I still can't believe
Morphia never got an English language release. It's the kind of film that, if we're lucky, somebody like Second Run will unearth in thirty years' time and startle everybody.
I'm coming to this very late but I'll second your comments on Morphia. Its particularly odd that it has shown up given it is his very best work.

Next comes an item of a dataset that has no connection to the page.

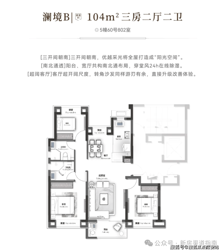 上叠:三层长辈房+奢阔一体化客餐厅,U型厨房空间;四层三房两卫布局,尊享主卧套房;北侧星空露台及顶层,美好生活自由定义。

I first saw it at a Russian Film Festival and was completely dazzled by it from start to finish. The film is an utter head trip and has a terrific unforgettable ending. When it turned up on TV I burned it onto a DVD-R so that's what I'm stuck with until someone gives it the Blu Ray treatment it so richly deserves. Actually a Blu Ray release of Balabanov's complete work would be even better. He really should be better known and given more exposure.
Re: Aleksei Balabanov
Posted: Wed May 29, 2019 3:13 pm
by Slaphappy
I saw a horrible DCP projection of Morphia when it came out, but the movie was so good, that it didn't bother that much. Bluray would be nice. Couple years ago I grabbed Bulgakov's Country Doctor's Notebook without knowing that it was the source for Balabanov's movie. The adaptation is really fateful and the Bulgakov's stories work really well both ways. Miniseries seemed pretty bad though.
Re: Aleksei Balabanov
Posted: Wed May 29, 2019 3:15 pm
by MichaelB
swo17 wrote:There's a very fine looking (but not English-friendly) Blu-ray of Cargo 200 that's been out for years in Russia. Is there any reason that no one like Arrow has taken the opportunity to port it over?
I certainly brought up Balabanov’s name more than once in discussions with Arrow, and cited that film in particular as a good fit for them, but I don’t know if any formal enquiries were ever made.
Of Freaks and Men is the one I’d really love on Blu-ray - I saw it twice in 35mm, and the Tartan DVD doesn’t remotely do it justice.